> _Exercise aim_: For this exercise, output the entries below exactly from the line that holds "Things aren't looking" to the line that holds "Nude nails look", both ends included. No pictures belong in the copy.

Raw data START

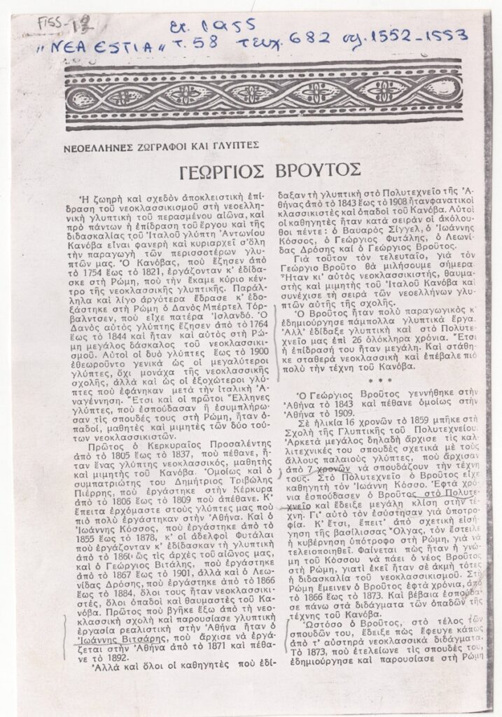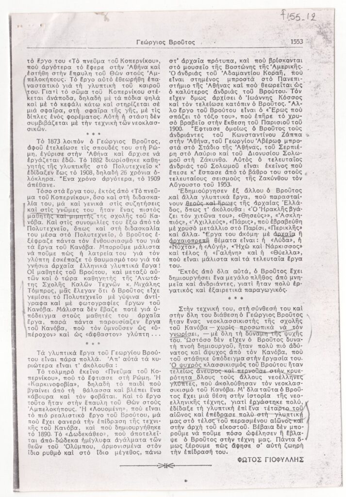Φωτοαντίγραφο αποκόμματος περιοδικού, χαρτί, 2 φφ, 16,7×11,5 εκ., στα ελληνικά. Κείμενο του Φ. Γιοφύλλη για τον καλλιτέχνη και το έργο του στη στήλη “Νεοέλληνες ζωγράφοι και γλύπτες”.
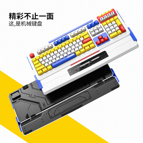 键盘自带有1.5米长的连接线,可以很方便的连接在电脑上使用。特别设计有专属的手托,能减轻操作时的负担。
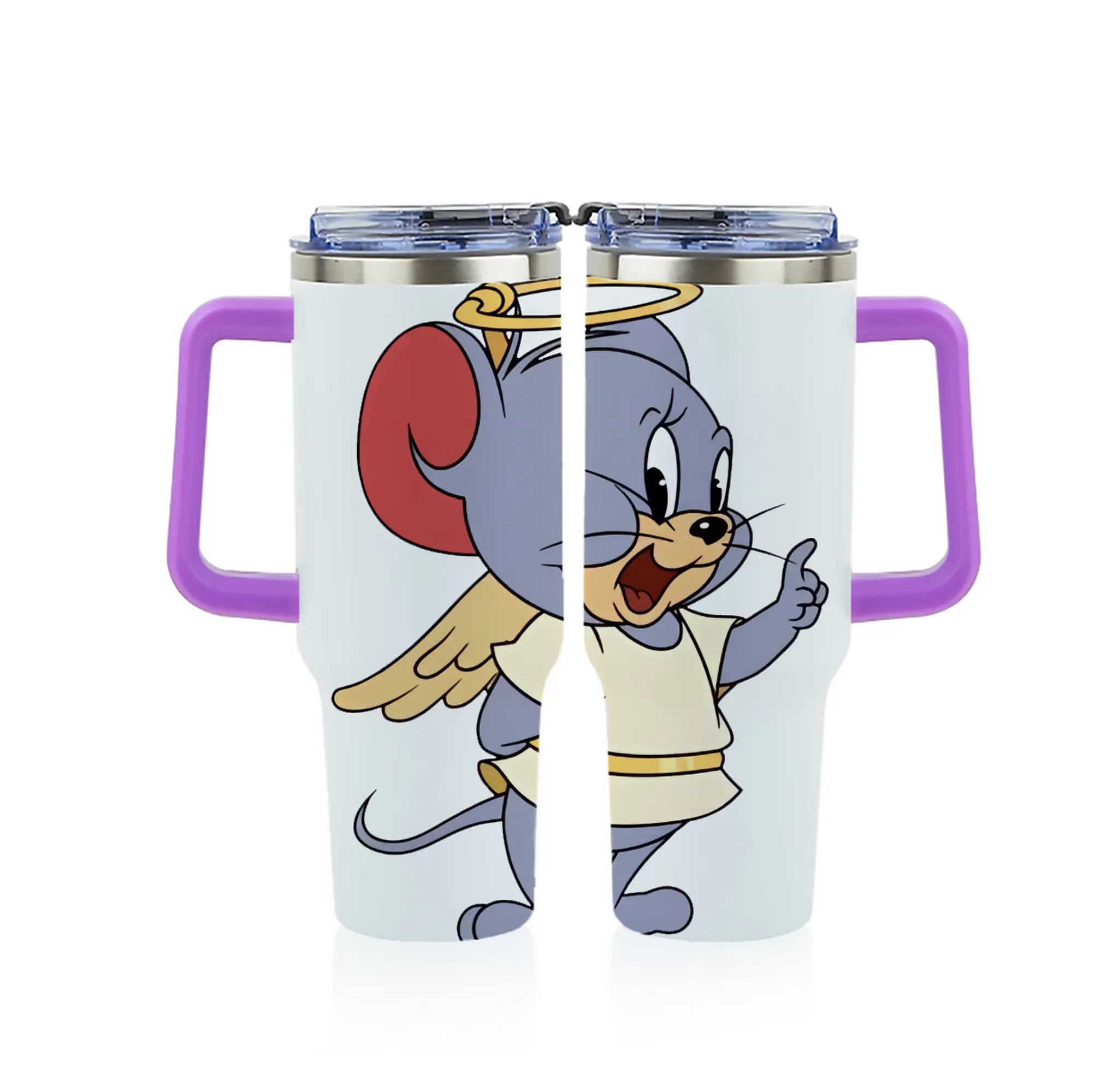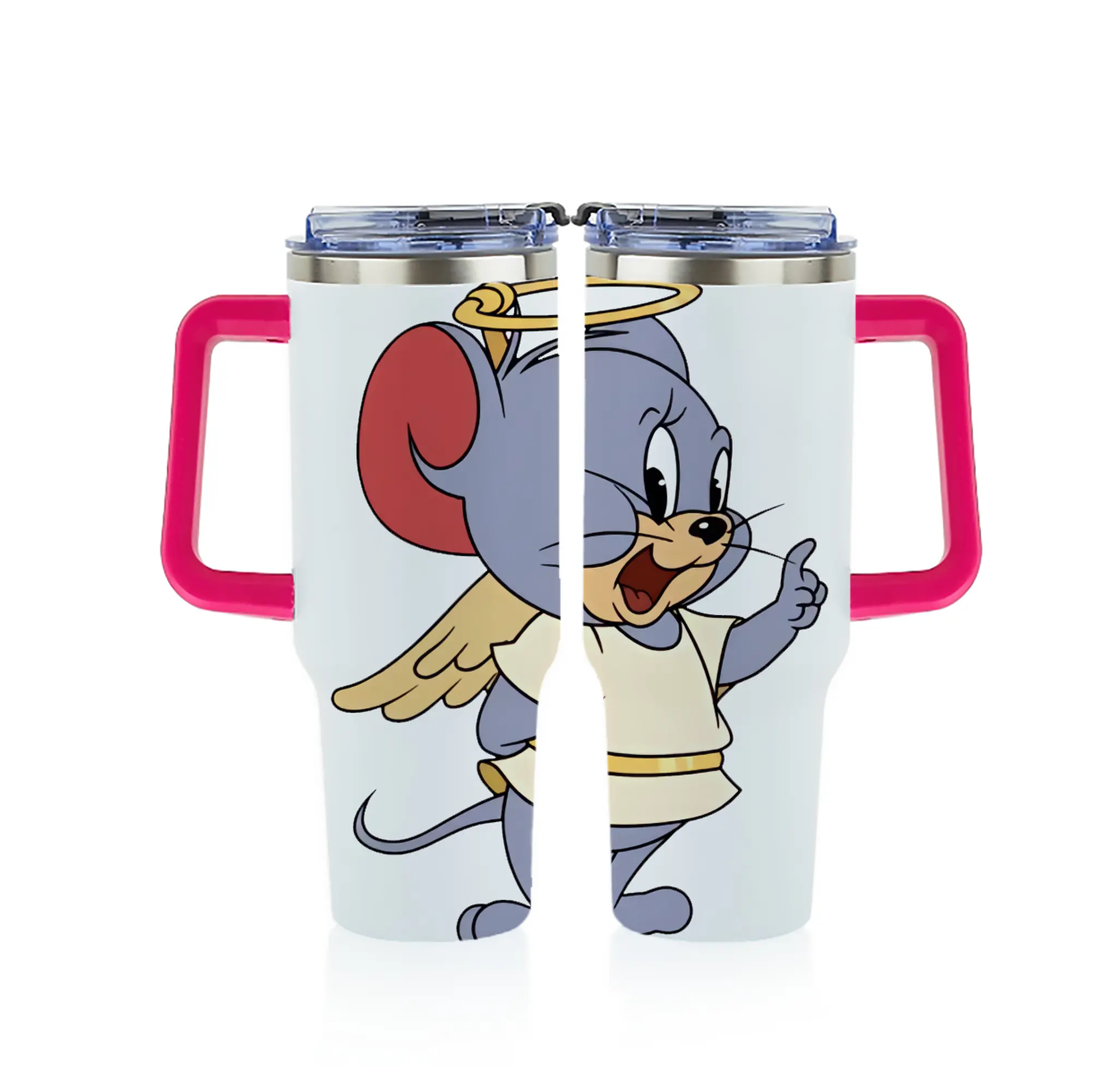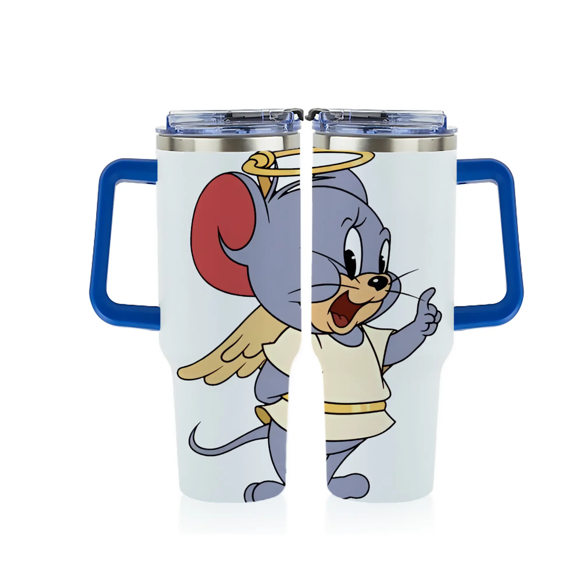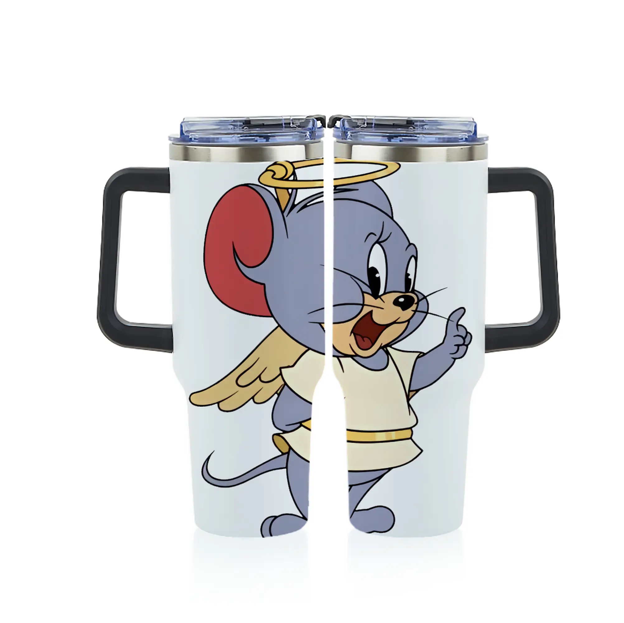 トムとジェリー グッズ タフィー - 1200mL フルプリント車用タンブラー ・ 304ステンレス 内側 ・ 201ステンレス 外側 ・ 保温 保冷 ・ 通勤 ドライブ アウトドア用
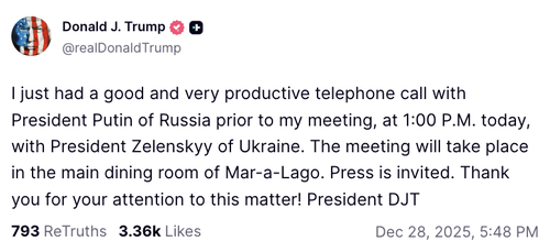 Things aren't looking ideal for a finalized peace plan, also given that Zelensky during a Christmas Day message essentially wished for Putin's death.
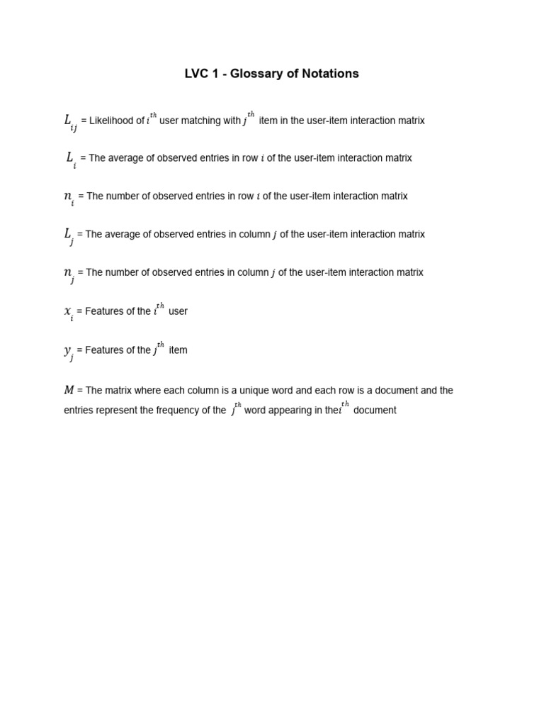 LVC 1 Notation Glossary | PDF
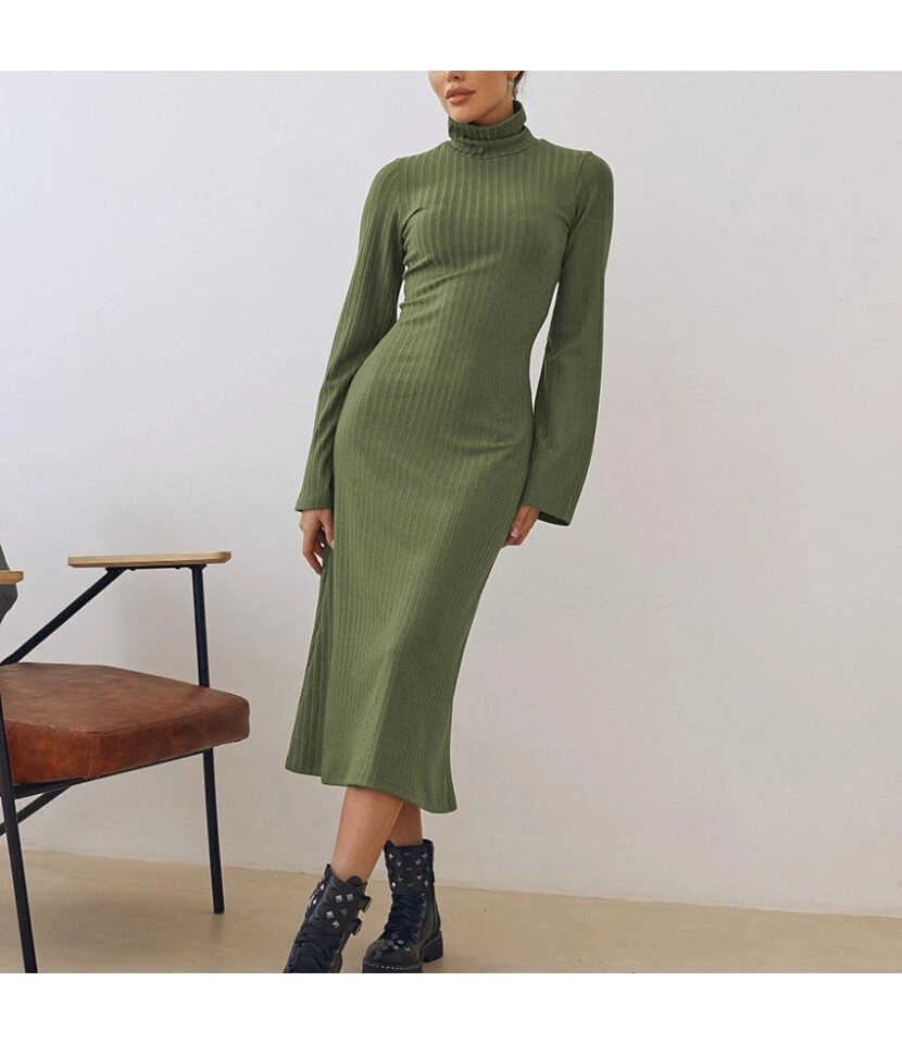 High-Neck Solid Color Slim Fit Midi Dress Wholesale Dresses SDV463833
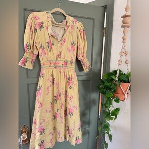 Romantic midi dress by LoveShackFancy in a soft yellow base with pink floral motifs. Smocked waist defines the silhouette. Puff sleeves and button-front add vintage charm. Lightweight, airy fabric for warm days.
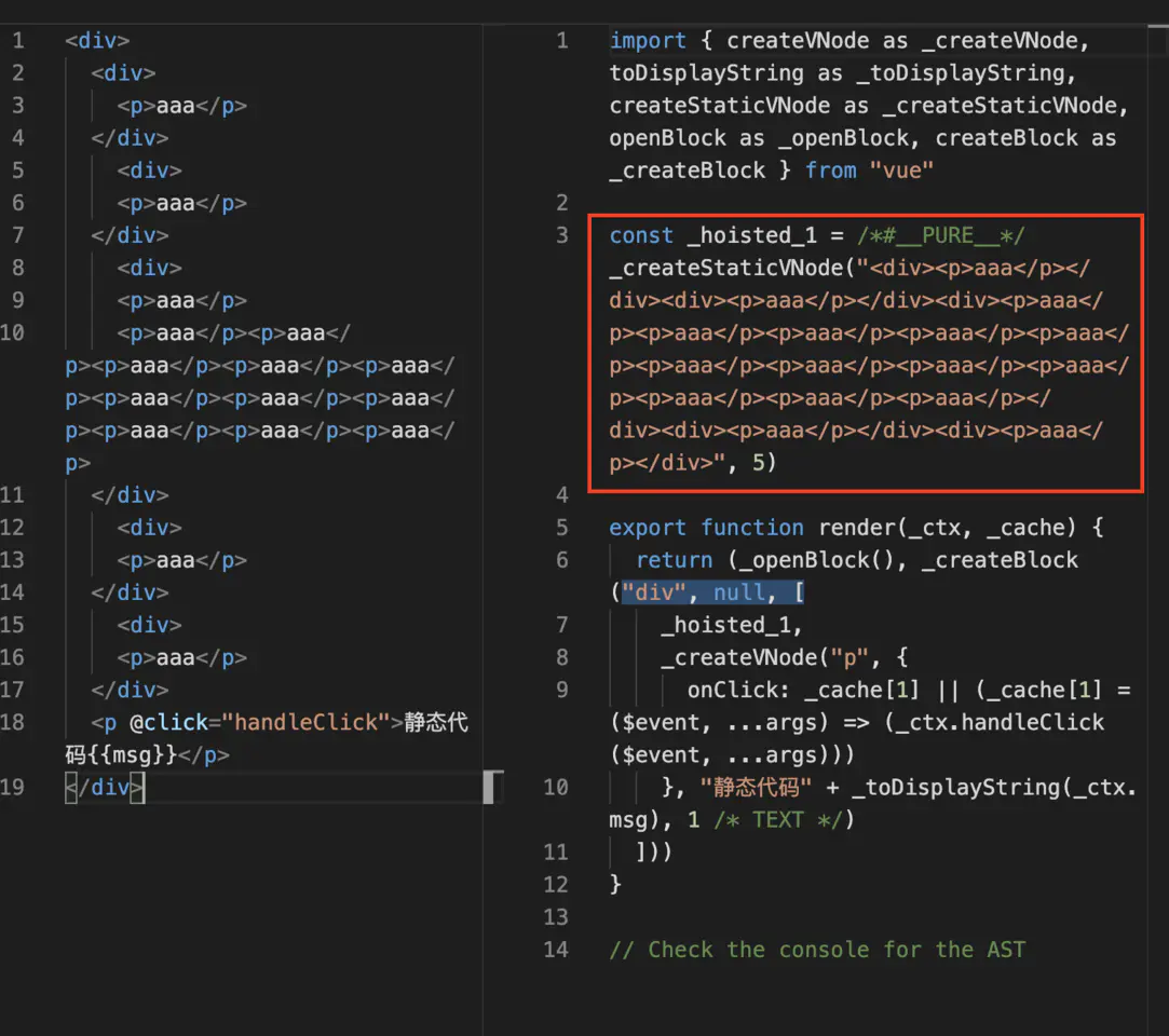 _createVNode("p", { onClick: _ctx.handleClick }, "静态代码", 8 /* PROPS */, ["onClick"])
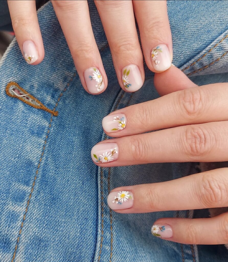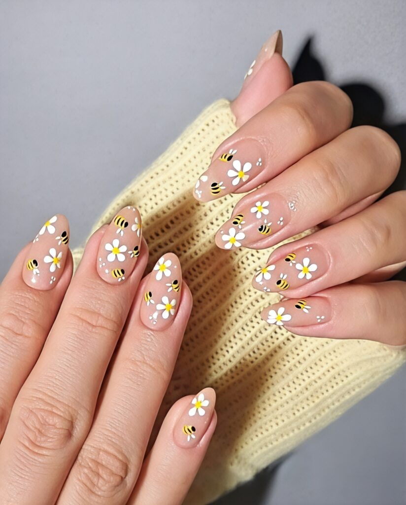 Nude nails look soft and sweet like morning sunshine. Adding tiny daisies and small bee designs makes them extra cute. This design feels natural and happy. It is perfect for garden lovers and spring summer time. You can keep most nails plain and decorate one or two nails for balance. These nails are simple but very charming and full of life.
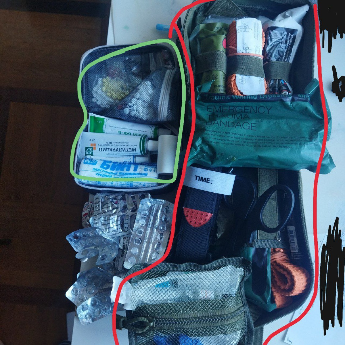 Чтобы не пришлось никого скидывать в овраг, собрал тактикульную аптечку. Таскаю в багажнике параплана (https://t.me/homo_game/16) и пригодилась, когда приземлялся в условиях пиздореза.
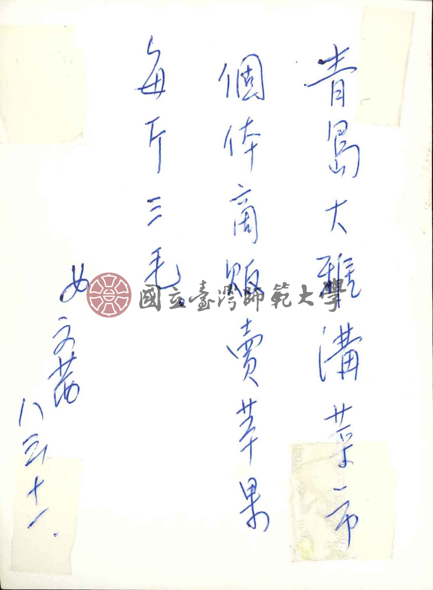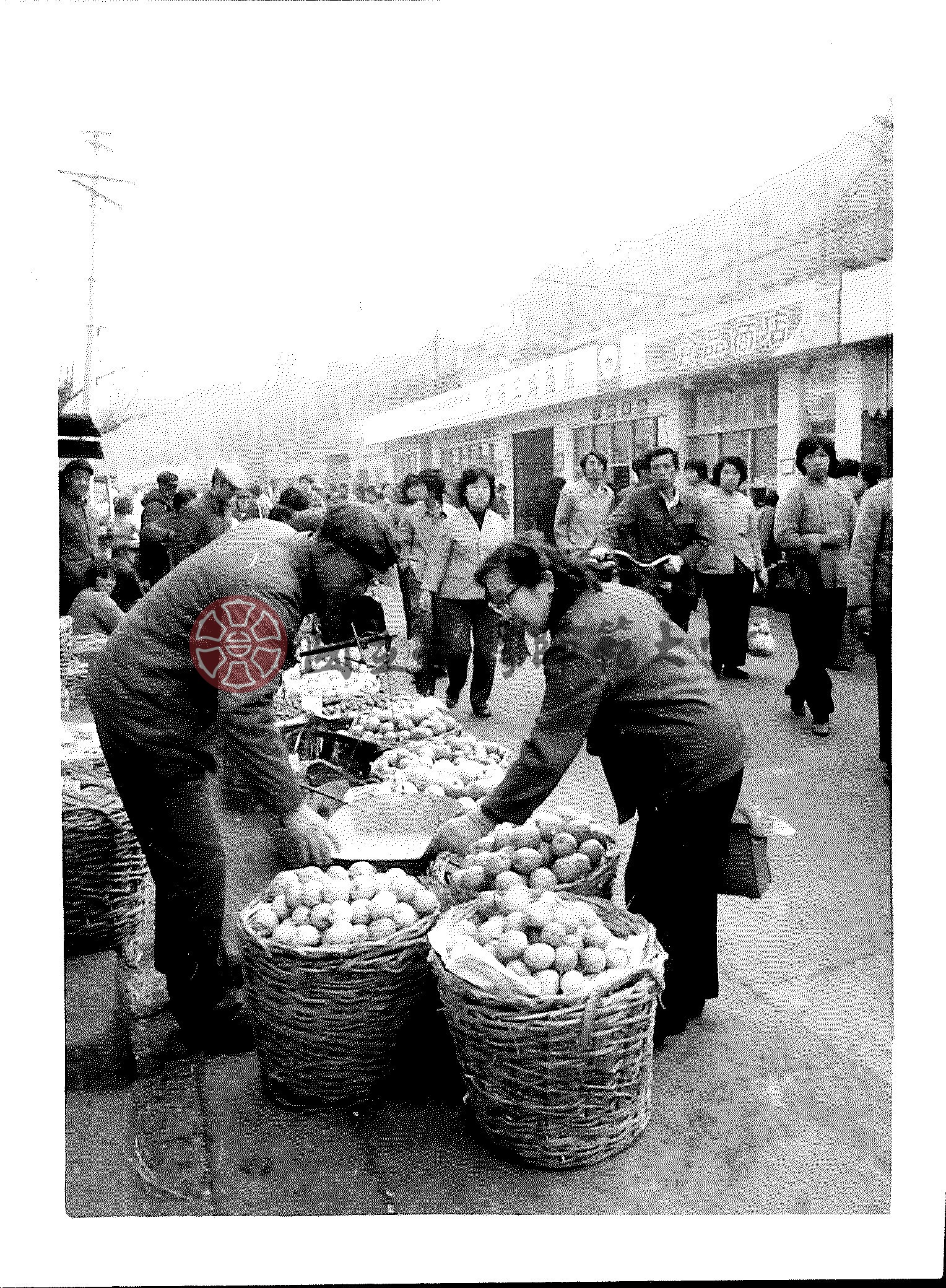 背面標註「青島大雅溝菜市,個体攤商販賣苹果每斤三毛。 女 文茜 八三、十一」

Raw data END

> _Result below_:
 Things aren't looking ideal for a finalized peace plan, also given that Zelensky during a Christmas Day message essentially wished for Putin's death.
 LVC 1 Notation Glossary | PDF
 High-Neck Solid Color Slim Fit Midi Dress Wholesale Dresses SDV463833
 Romantic midi dress by LoveShackFancy in a soft yellow base with pink floral motifs. Smocked waist defines the silhouette. Puff sleeves and button-front add vintage charm. Lightweight, airy fabric for warm days.
 _createVNode("p", { onClick: _ctx.handleClick }, "静态代码", 8 /* PROPS */, ["onClick"])
 Nude nails look soft and sweet like morning sunshine. Adding tiny daisies and small bee designs makes them extra cute. This design feels natural and happy. It is perfect for garden lovers and spring summer time. You can keep most nails plain and decorate one or two nails for balance. These nails are simple but very charming and full of life.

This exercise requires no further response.